Forms: 7 lilli burlero, Lilly Burleighre, 8 lilibolaro, lille-, lilla-, 8 lillibullero. [Unmeaning.] Part of the refrain (hence, the name and the tune) of a song ridiculing the Irish, popular about 1688.
1688. Pol. Ballads (1860), I. 275. Ho! broder Teague, dost hear de decree? Lilli Burlero, bullen a-la Dat we shall have a new deputie.
1689. Diary, in Topographer (1790), 32. The Chimes at St. Michaels haveing for some time been made to strike Lilli Burlero.
1697. Vanbrugh, Æsop, V. 66. Dol, de tol dol, dol dol, de tol dol: Lilly Burleighres lodgd in a Bough.

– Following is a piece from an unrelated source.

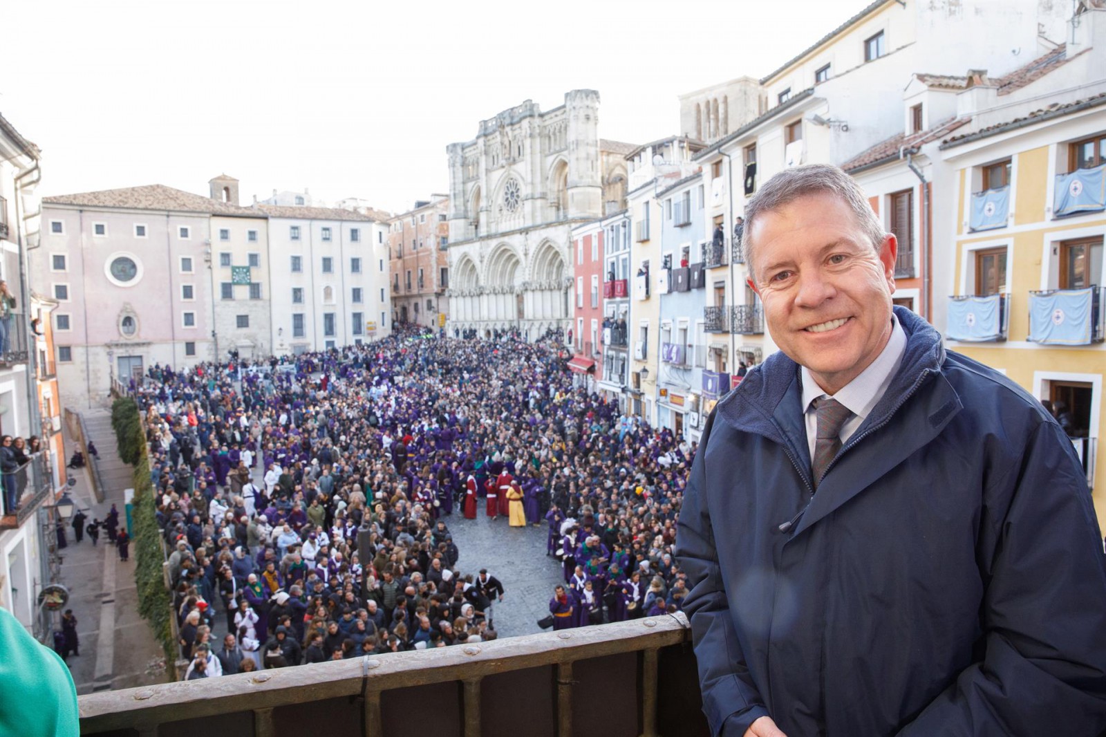 El mandatario regional participó en la procesión conocida como 'Las Turbas', donde estuvo acompañado por el consejero de Educación, Cultura y Deportes, Amador Pastor. Desde el Ayuntamiento de Cuenca, observó cómo la turba llegaba a la Plaza Mayor, guiado por el alcalde Darío Dolz.

1714. Gay, Sheph. Week, Sat. 116. He sung of Taffey Welch, and Sawney Scot, Lille-bullero, and the Irish Trot.
1759. Sterne, Tr. Shandy, II. ii. He accustomed himself to whistle the Lillabullero.
1760. H. Walpole, Lett. to Sir D. Dalrymple, 3 Feb. The mob will never sing lillibullero but in opposition to some other mob.
1849. Macaulay, Hist. Eng., ix. (ed. 5), II. 428. One of the characteristics of the good old soldier is his trick of whistling Lillibullero.
Hence Lillibullero v., trans. (nonce-wd.) to sing lillibullero over.
1762. Sterne, Tr. Shandy, V. iii. My father managed his affliction otherwise for he neither wept it away nor did he rhyme it, or lillabullero it.